11.2. After Assignment Agreement is concluded, it shall be available at the Investor’s User Profile on the Platform
at all times during the validity of the Assignment Agreement.

11.3. This Assignment Agreement is valid until the full execution of obligations set out therein.

11.4. ESKETIT and the Lender, together and each individually, are entitled to terminate the present Assignment
Agreement, immediately without prior notice and notification to the Investor in the following cases:

11.4.1. if the Investor makes attempts to communicate with the Borrower in connection with the Loan Agreement
and/ or the Assignment Agreement or Claim Administration, or otherwise breaches the provisions of the
Assignment Agreement, the Agreement or any other agreement concluded between the Investor and Lender
and/ or Investor and ESKETIT;

11.4.2. if the Investor has fully or partially recalled the authorization of the Lender and/or the ESKETIT provided
by the Section 5 of the Assignment Agreement or the Agreement;

11.4.3. ESKETIT unilaterally terminates the Agreement.

11.5. Without prejudice to the rights mentioned in Clause 11.4. of the Assignment Agreement, ESKETIT and the
Lender, together and each individually by notifying the Investor at least 10 (ten) days in advance is entitled to
terminate the present Assignment Agreement without demonstrating any grounds for termination.

11.6. In case where the Lender has exercised the BuyBack Obligation or the re-purchase right or obligation, the
Assignment Agreement shall be deemed to be terminated from the moment ESKETIT, on behalf of the Lender,
has executed a complete payment of the BuyBack Price or the re-purchase price in accordance with the terms
and conditions of the Assignment Agreement.

11.7. If the Investor sells the Claim to another Investor on the Platform, this Assignment Agreement shall be
deemed to be terminated, and a new Assignment Agreement is concluded with the Investor who purchased the
respective Claim.

11.8. Except as provided for in Clause 11.6 hereof, this Assignment Agreement shall be considered terminated as
of the moment, when ESKETIT and/or the Lender has informed the other Parties on its termination. The Claim
shall be considered as returned to the Lender from the moment of the termination of this Assignment
Agreement.

12. FINAL PROVISIONS

12.1. The present Assignment Agreement is concluded in electronic form in accordance with the procedures
specified in the Assignment Agreement, and is valid without the signatures of the Parties.

12.2. ESKETIT sends the Investor this Assignment Agreement electronically by making it available at the Investor's
User Profile at the time of conclusion of the Assignment Agreement, where the Investor may get acquainted
therewith during entire contractual period of the Assignment Agreement.
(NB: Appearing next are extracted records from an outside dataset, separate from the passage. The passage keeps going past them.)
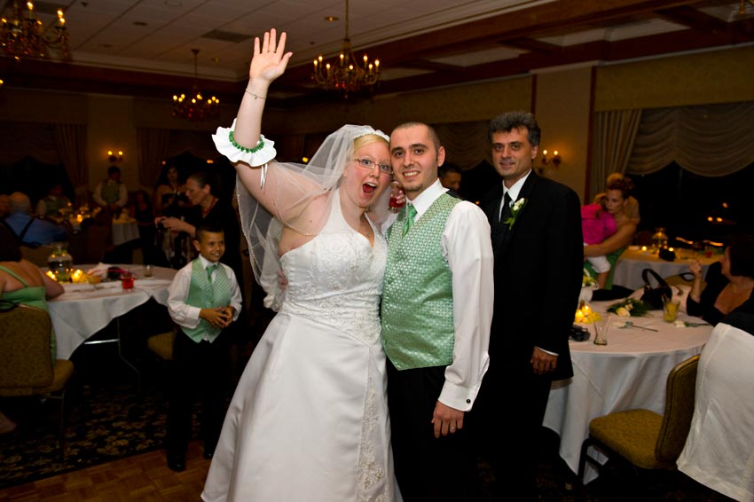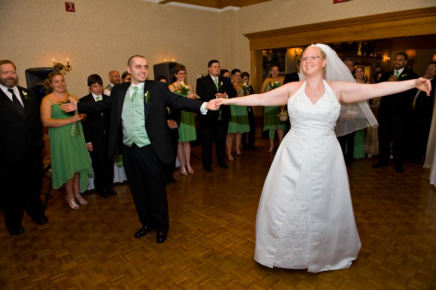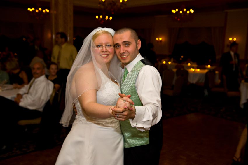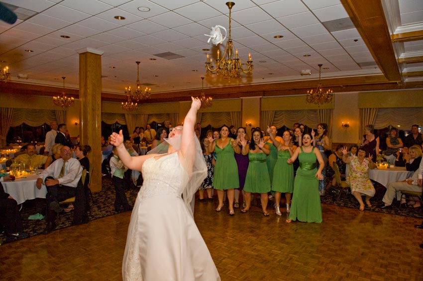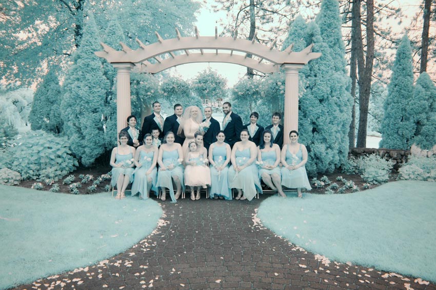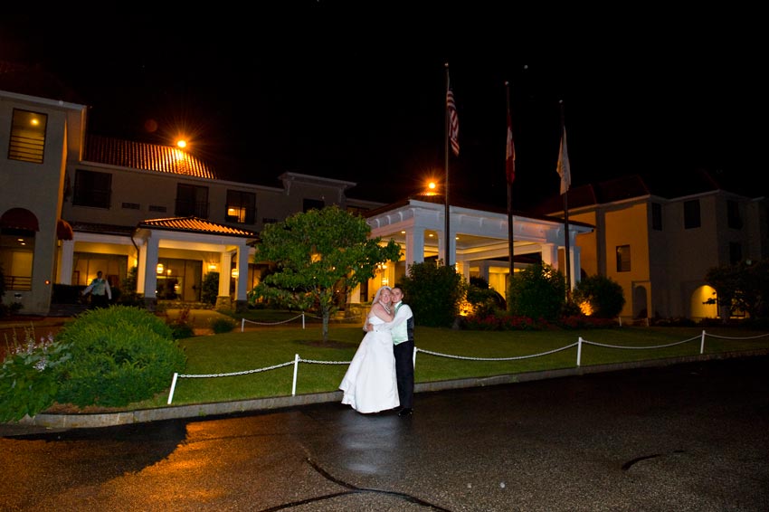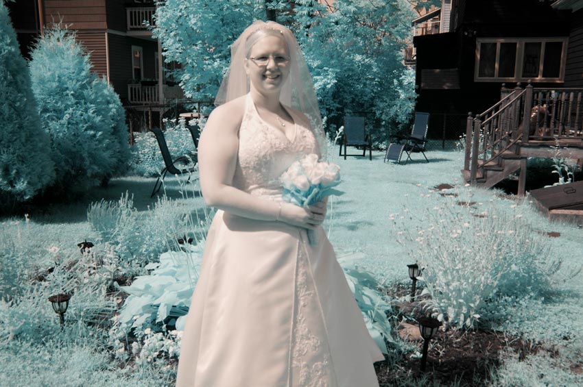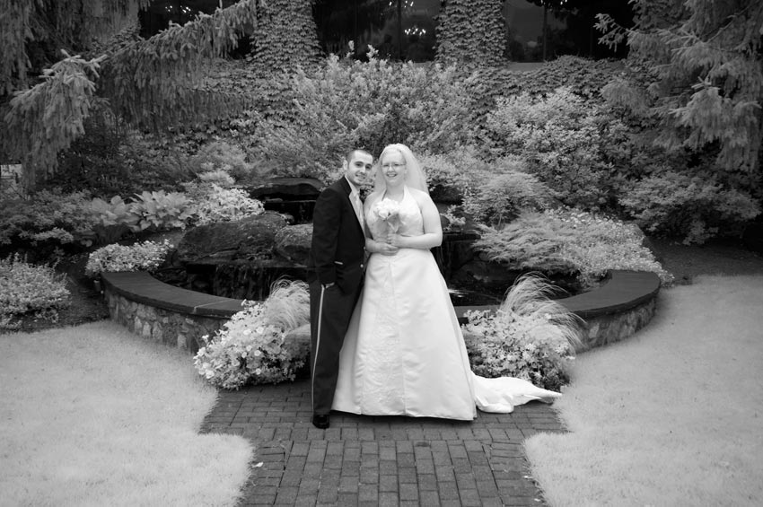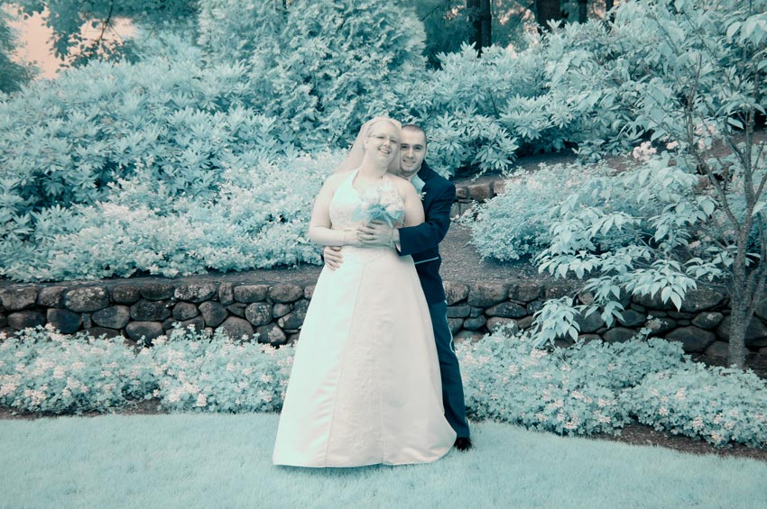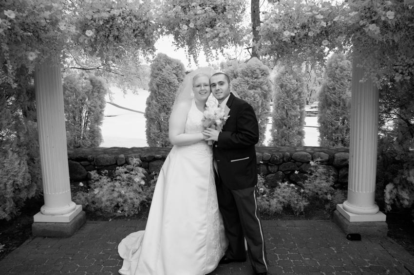 The ceremony was at St. Ann's church in Somerville, a big, gorgeous church. Then on to the Andover Country Club for formals and the reception. The formals also included a few shots in infrared light, a part of the light spectrum which looks quite different from the visible light part of the spectrum. The reception featured a wonderful first dance from the bride and groom, complete with a dip. They must have practiced the dance a lot, but hadn't mentioned it up till then, so it was a surprise. Later in the evening, just as we were getting to go outside for some nightime shots, it began to rain. But we went anyway, ran out into a light rain, grabbed quick shots, and ran back! Great fun!
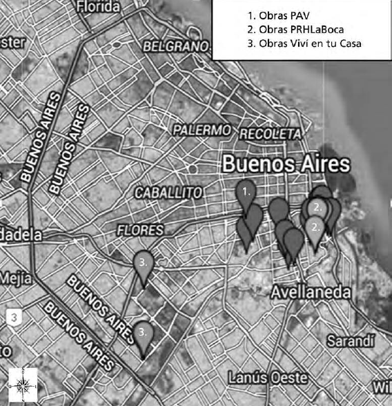 En contraste, la distribución de los inmuebles autogestionarios del PAV mostró una concentración en la zona sur de la ciudad, en los barrios de La Boca, Barracas y Parque Patricios, pero también –en menor medida– en Constitución, San Cristóbal, San Telmo, Balvanera (zona centro) y en casos aislados ubicados en Chacarita, Caballito, Villa Crespo y Palermo “Soho” (zona norte)–. Lo importante a remarcar aquí es que ninguna operatoria del PAV se localizó en la comuna 8 (tradicionalmente reservada para vivienda social), pues fueron los propios destinatarios los que, como parte del proceso autogestionario de sus viviendas, decidieron la ubicación de sus terrenos y salieron a buscarla. Ahora bien, esta capacidad de compra de tierra en la CABA por parte de los destinatarios del PAV quedó supeditada a una variedad de elementos: las capacidades de las cooperativas de salir a comprar inmuebles en el mercado; la eventualidad de los procesos especulativos que se acentuaron en la ciudad durante los últimos años en un escenario estatal de desregulación de esta especulación; y los tiempos de gestión del IVC y el Banco Ciudad. Según los testimonios de las organizaciones sociales, después de 2006, con la disparada de los precios en general y el boom de la especulación inmobiliaria en la ciudad, la compra de los inmuebles se tornó uno de los problemas más críticos del PAV.
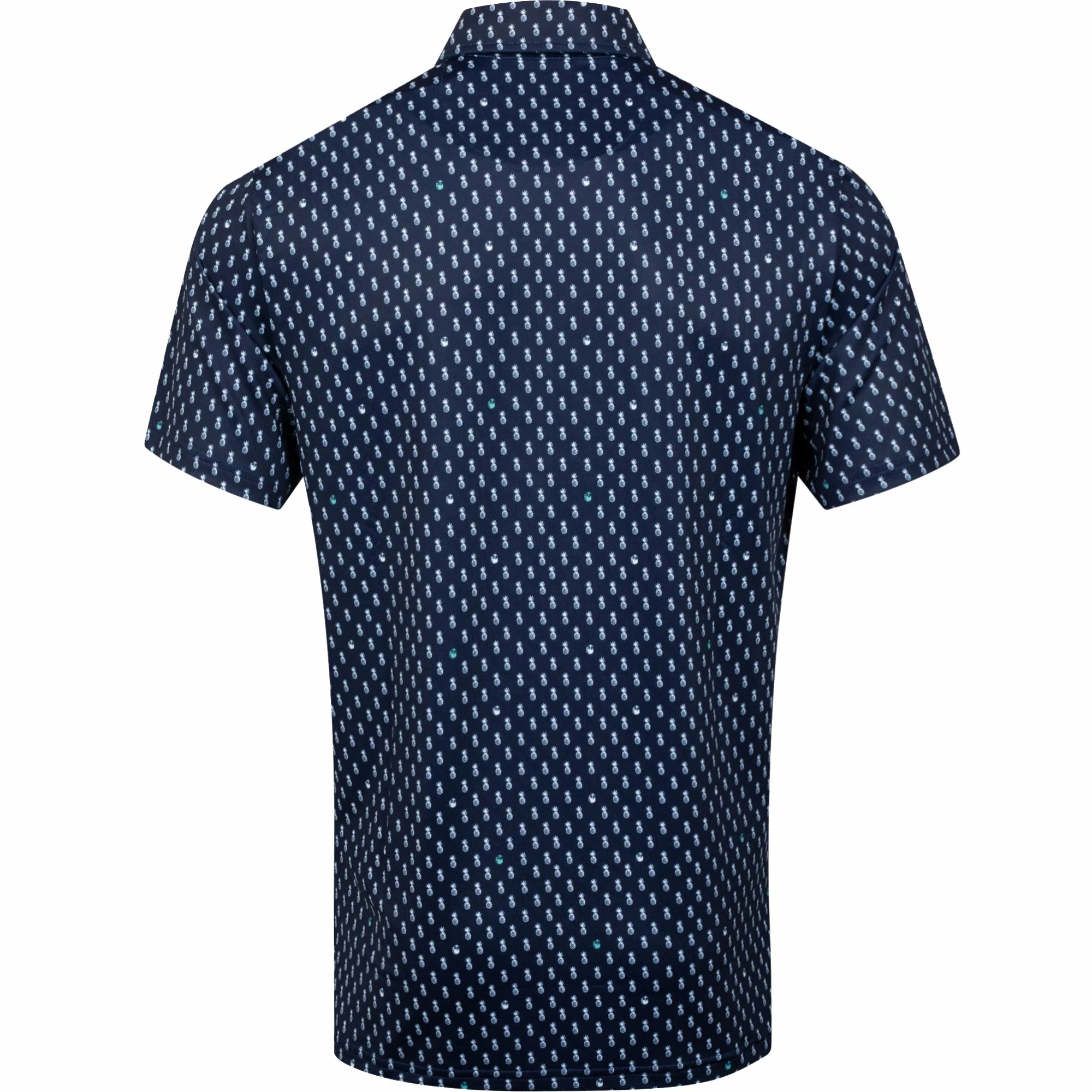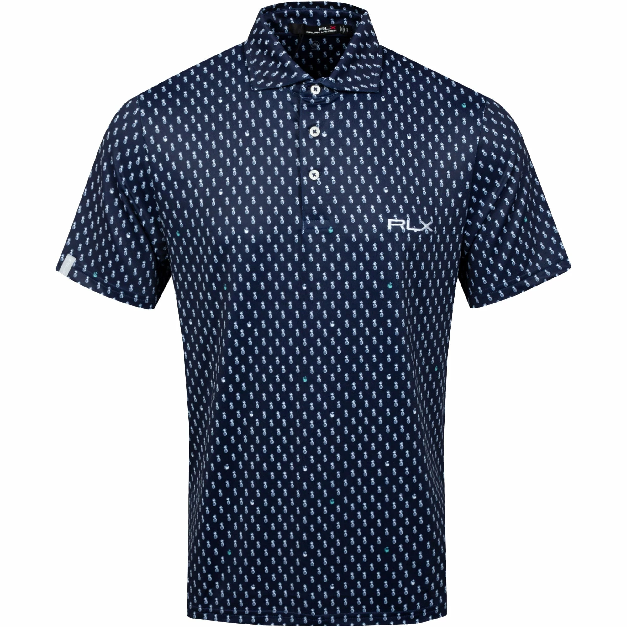 The RLX Printed Lightweight Airflow Golf Polo is a surplus-inspired shirt built from lightweight stretch jersey that not only wicks away moisture but also provides UPF 50 protection from UV rays. It features a classic fit, three button placket, spread collar with concealed button, tennis tail, and RLX logo at the right sleeve.
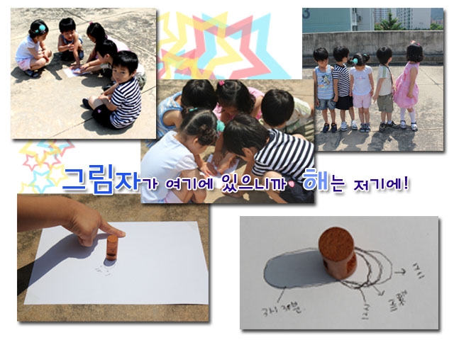 - 햇빛은 너무 눈부셔서 직접 눈으로 확인할 수는 없지만 해의 위치가 달라졌다는 것은 확신하는 어린이들! 해의 위치에 따라서 달라지는 그림자의 위치를 표상해보기로 합니다. 과연 어떤 표상이 나오게 될까요? 어린이들의 다양한 표상방법을 기대해봅니다.
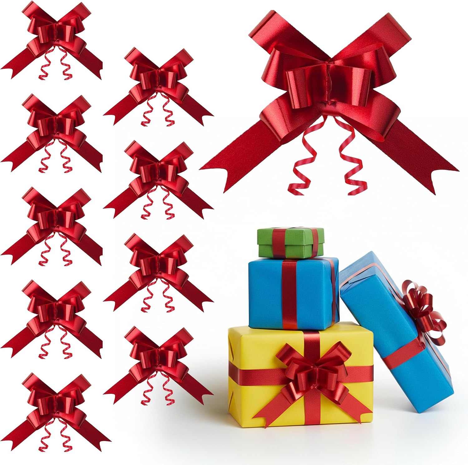 50mm quality large pull Bow Ribbon (approx 5" To 7" Wide when assembled) simply pull the inner ribbon cords and A beautiful bow is formed, tie off and attach with the extra long tie waterproof, anti static and wipe clean for use with fresh flowers and bouquets typical uses include creating bows and Decorating arrangements and gifts, flower bouquets and general craft work for wedding, anniversary, birthday. How the pull Bow works 1. Open tails to reveal the tie-strings. 2. Hold the tails open with one hand 3. Pull tie-strings with the other hand to form a bow. 4. Tie - strings at base of bow its that easy The bows will be delivered flat.
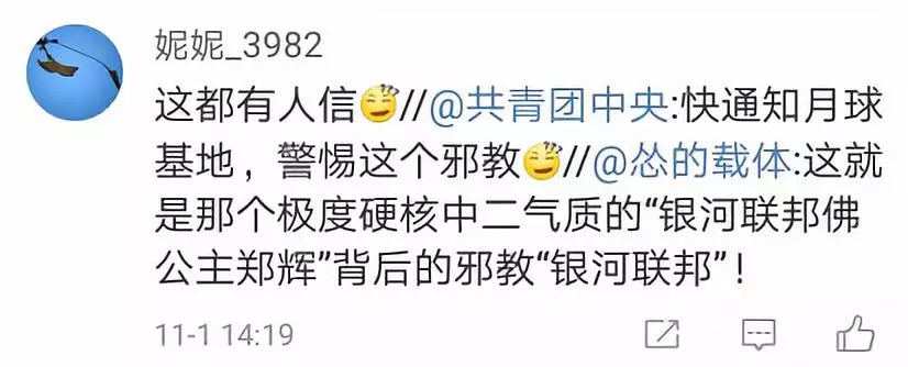 近日,微博@中国反邪教 发布了一条关于邪教“银河联邦”的微博,@共青团中央 随后进行了转载,进而引发了网友们的热议。
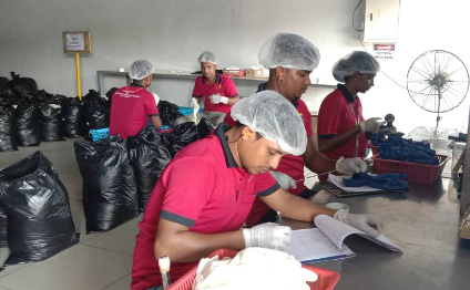 Powdered gloves: The leached gloves are dipped into cornstarch powder slurry to pick up a coat of lubricant that makes them easier to don. They are then further dried.
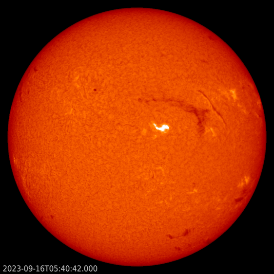 Early on 16 September a large filament near active region NOAA 3429 became unstable and erupted. The source of this instability might have been an M2 flare by NOAA 3429 that peaked at 00:50UTC. A stronger flare (M3) in the same sunspot region peaked a few hours later at 05:38UTC, but at that time, the filament eruption was already well going on. It is also possible that the magnetic fields holding the filament became unstable from their own as this concerned indeed quite a long filament. The eruption itself was not associated with an obvious x-ray flare. The H-alpha snapshot underneath was taken by the groundstations of the NSO/GONG network (https://gong.nso.edu/ ), showing the filament eruption in process around the time of the maximum of the M3 flare. Many decades ago, such events were also called "disparition brusque" (sudden disappearance), to highlight the suddenness of the filament's vanishing often after days or weeks with no appreciable change.
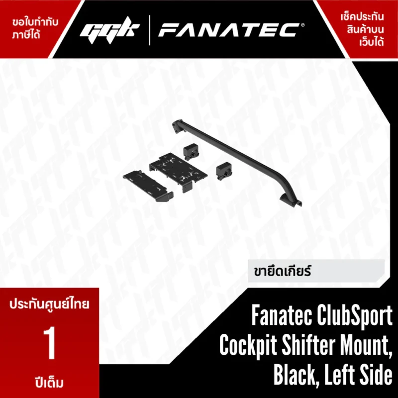Fanatec ClubSport Cockpit Shifter Mount, Black, Left Side คือขายึดอุปกรณ์ ฝั่งซ้าย ที่จำหน่ายแยกสำหรับติดตั้งกับ Fanatec ClubSport GT Cockpit โดยถูกออกแบบมาเพื่อยึด เกียร์ (shifter), เบรกมือ (handbrake) และอุปกรณ์เสริมอื่นๆ ให้มั่นคง
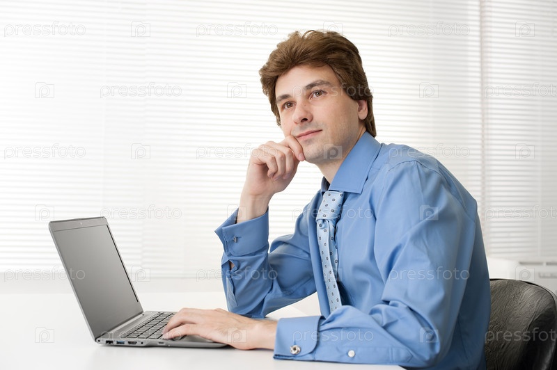 Задумчивый деловой человек с ноутбуком
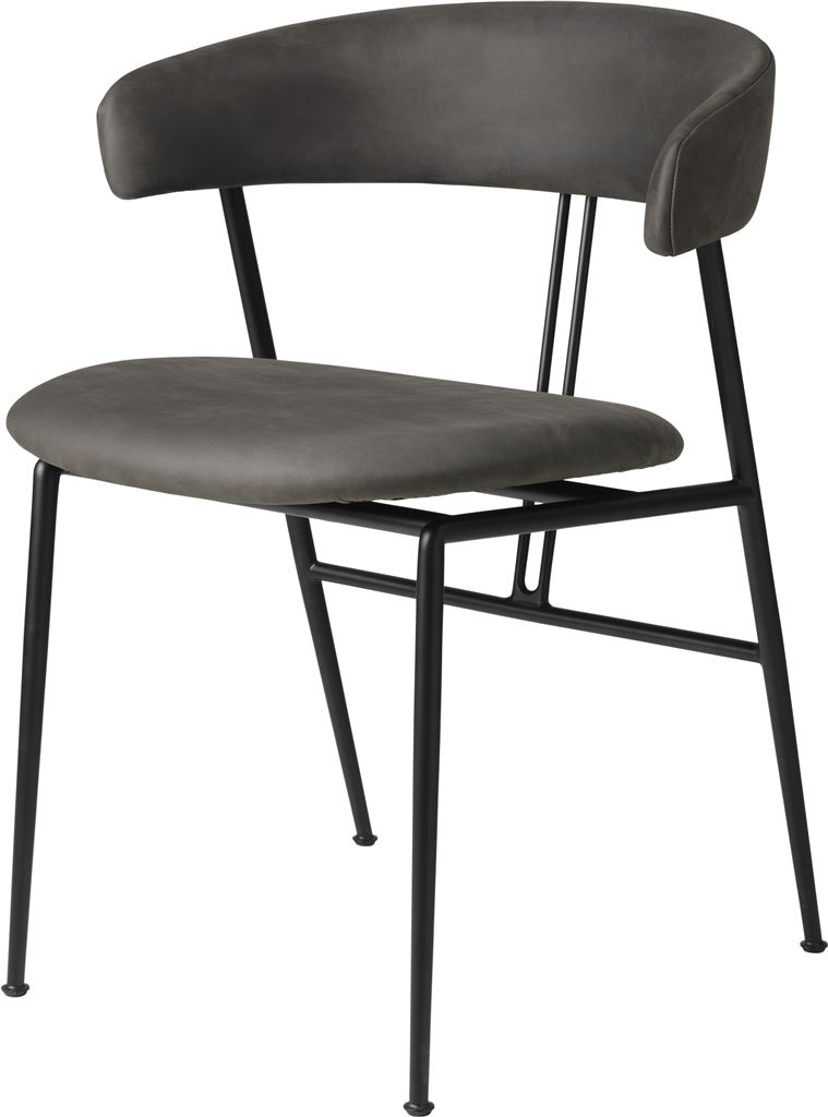 GUBI Violin Dining Chair Fully Upholstered Dunes Leather SH: 45 cm - Black Matt / Grey
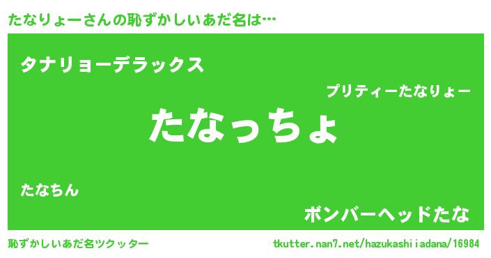 | ファンタジー風あだ名 | 『エターナルタナリョーー』『ゼタナトゥ』 |

12.3. If the representation of the numbers in words in the text of the Assignment Agreement differs from the
representation in numbers, the representation of the numbers in words shall prevail.

12.4. The Agreement effective at the moment of conclusion of the Assignment Agreement and being an integral
part thereof shall be used in the matters not discussed in the Assignment Agreement. If Terms and Conditions of
the Platform contradict with the Assignment Agreement, the Assignment Agreement shall prevail.

9 / 10
12.5. This Assignment Agreement is subject to laws of the Republic of Ireland.

12.6. Any disputes between the Parties arising from the present Assignment Agreement shall be settled in
compliance with the procedure set out in the normative acts of the Republic of Ireland.